12.3. Troubleshooting Overcloud Creation

There are three layers where the deployment can fail:
  • Orchestration (Heat and Nova services)
  • Bare Metal Provisioning (Ironic service)
  • Post-Deployment Configuration (Puppet)
If an Overcloud deployment has failed at any of these levels, use the OpenStack clients and service log files to diagnose the failed deployment.

12.3.1. Orchestration

In most cases, Heat shows the failed overcloud stack after Overcloud creation fails:
$ heat stack-list

+-----------------------+------------+--------------------+----------------------+
| id                    | stack_name | stack_status       | creation_time        |
+-----------------------+------------+--------------------+----------------------+
| 7e88af95-535c-4a55... | overcloud  | CREATE_FAILED      | 2015-04-06T17:57:16Z |
+-----------------------+------------+--------------------+----------------------+
If the stack list is empty, this indicate an issue with the initial orchestration setup.

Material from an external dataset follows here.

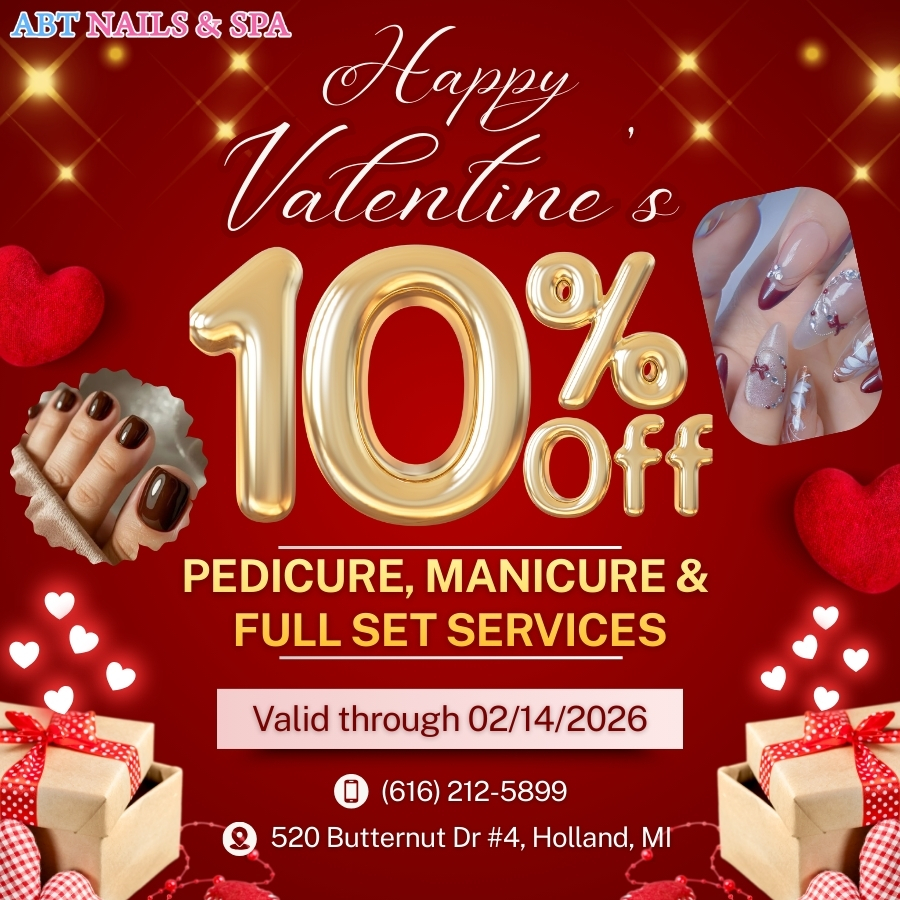 Are you looking for a nail and spa salon to get pampered with your friends or to prepare for a night in town? Don’t look further, located conveniently in Holland, MI 49424, ABT Nails & Spa is your ideal nail salon.

Check your Heat templates and configuration options, and check for any error messages after running openstack overcloud deploy.

12.3.2. Bare Metal Provisioning

Check ironic to see all registered nodes and their current status:
$ ironic node-list

+----------+------+---------------+-------------+-----------------+-------------+
| UUID     | Name | Instance UUID | Power State | Provision State | Maintenance |
+----------+------+---------------+-------------+-----------------+-------------+
| f1e261...| None | None          | power off   | available       | False       |
| f0b8c1...| None | None          | power off   | available       | False       |
+----------+------+---------------+-------------+-----------------+-------------+
Here are some common issues that arise from the provisioning process.
  • Check the Provision State and Maintenance columns in the resulting table. Check for the following:
    • An empty table or less nodes that you expect
    • Maintenance is set to True
    • Provision State is set to manageable
    This usually indicates an issue from the registration or discovery processes. For example, if Maintenance sets to True automatically, the nodes are usually using the wrong power management credentials.
  • If Provision State is available then the problem occurred before bare metal deployment has even started.
  • If Provision State is active and Power State is power on, the bare metal deployment has finished successfully. This means the the problem occurred during the post-deployment configuration step.
  • If Provision State is wait call-back for a node, the bare metal provisioning process has not finished for this node yet. Wait until this status changes. Otherwise, connect to the virtual console of the failed node and check the output.
  • If Provision State is error or deploy failed, then bare metal provisioning has failed for this node. Check the bare metal node's details:
    $ ironic node-show [NODE UUID]
    
    Look for last_error field, which contains error description. If the error message is vague, you can use logs to clarify it:
    $ sudo journalctl -u openstack-ironic-conductor -u openstack-ironic-api
    
  • If you see wait timeout error and the node Power State is power on, connect to the virtual console of the failed node and check the output.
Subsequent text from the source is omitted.